I'm really upset that I have to do this but I've got no choice because of my living situation. I don't drive so can't drop off but I could meet you at Reading trainstation with them or you can pick them up from my house.

3 friendly robo girlies. Rina, Risa and Riku. 

1 shy little boy Hiro who needs work. He's probably been abused from the way he acts but he's a lovely little guy that needs much love.

2 timid girlies. Nuri and Yui. Need some work but would probably be great pets with some care and attention. 

I've been working on my rescues who are still a bit skitty for some time. Nuri, Yui and Hiro MUST be kept in seperate cages. But Rina, Riku and Risa are siblings and have been kept together since birth. 

I'm really upset with having to get rid of them but my landlady is not telling the agency whats going on and I want them to find new homes as soon as possible. My other 2 hamsters and 2 gerbils will be staying with us. A friend will look after them for me if I have to go into tempoary accomodation. 

All of them must be rehomed by July 31st. If I can't find anyone who wants them on here I will be taking them to pets at home adoption area as a very last resort. 

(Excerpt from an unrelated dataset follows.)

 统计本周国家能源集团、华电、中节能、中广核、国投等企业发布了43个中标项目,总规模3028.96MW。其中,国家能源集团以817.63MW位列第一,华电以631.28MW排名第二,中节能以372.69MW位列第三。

The hamsters are free to a good home but if you want their cages they will be an aditional cost. Please contact me asap. If you are interested in the cages please let me know.
Cage wise I have:

Rotastak Creepy castle,
cosmo pod,
2 circle parts and a bed part (rotastak),
18 by 12 by 18 fish tank with a lid (bit bigger then a small perfecto tank), 
critter trail y
and a fop cage.
I also have 2 bin cages which are 45 litre which are made into decent sized cages (ideal for Rina, Risa and Riku who need to be together).

Thanks for reading and I hope someone has a loving caring home for them to go to.


----------



## cassie01 (Jul 11, 2008)

aww, im so sorry your having to rehome them all. 

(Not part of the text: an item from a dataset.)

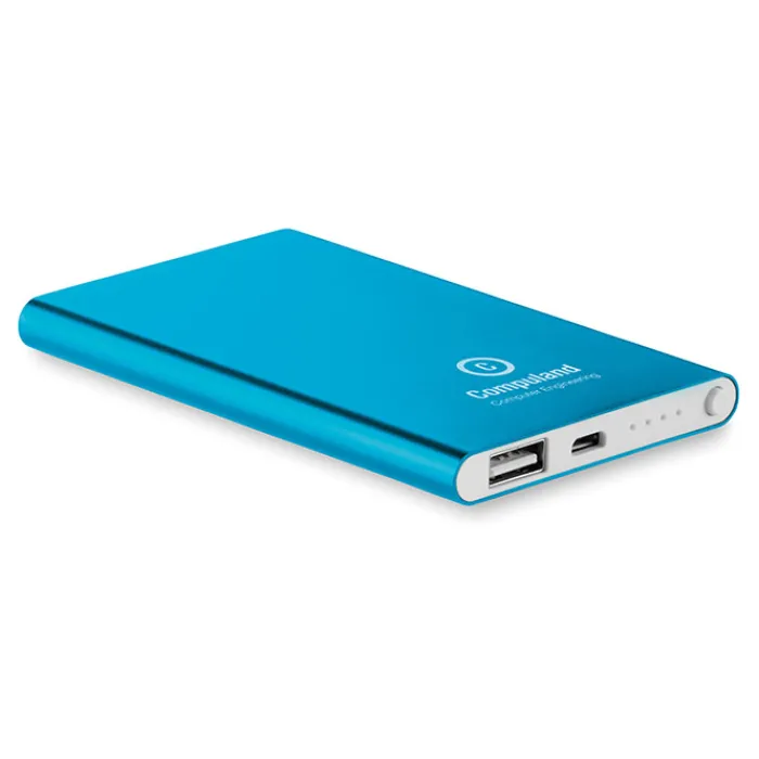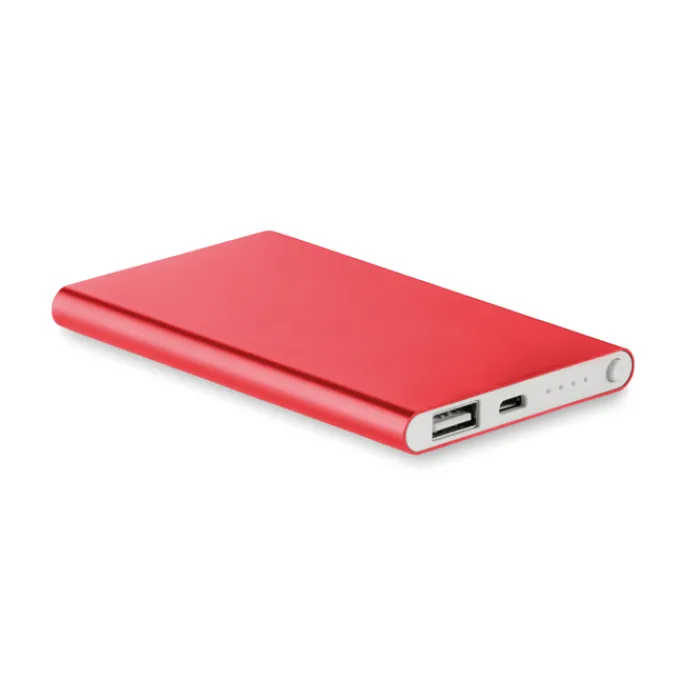 Sorprendi i tuoi clienti con questo pratico power bank da 4000 mAh, realizzato in alluminio di alta qualità e caratterizzato da un design piatto ed elegante. Questo bestseller non è solo un accessorio moderno, ma uno strumento indispensabile per mantenere sempre carico lo smartphone. Con una corrente di uscita DC 5V/1A e due porte di ingresso (Micro USB e USB), include un cavo micro USB, assicurandoti di essere sempre pronto a ogni evenienza. Inoltre, puoi personalizzarlo con il logo della tua azienda, trasformandolo in un regalo che rappresenta innovazione e sofisticazione.

i was just about to message you about possibly coming to pick up this weekend, now that stupid car show is over and done with. Also if anyone is interested further north i can pick them up the same time and either drop off or people can collect from mine, i know you had trouble with distance before.

Really sorry to hear your having so much much trouble with moving.


----------



## Maiisiku (Feb 20, 2009)

Thank you so much Cassie. I really apeciate that. I am really worried. They still can't get in touch with the landlady and said today if they don't get in contact with her tonight they are going to start looking for something else for me. But I know wherever they put me they will only let me have 2 or 3 rodents (they don't have to know about Tama I'll hide her >.>).


----------



## happybunny22000 (Oct 10, 2008)

im in preston  or id take some


----------



## Maiisiku (Feb 20, 2009)

Cassie lives in Near kiddermister (which is up near birmingham) if anyone lives near by and could pick them up from her. She's coming down to pick up Hiro, Yui and Nuri on the weekend. So if anyone wants Riku, Risa and Rina who lives near her she said she'd take them with her.


----------



## Maiisiku (Feb 20, 2009)

Hiro, Yui and Nuri will be going to live with Cassie. Just waiting to confirm a pick up date.
Risa, Rina and Riku's pick up date is comfirmed for this weekend.


----------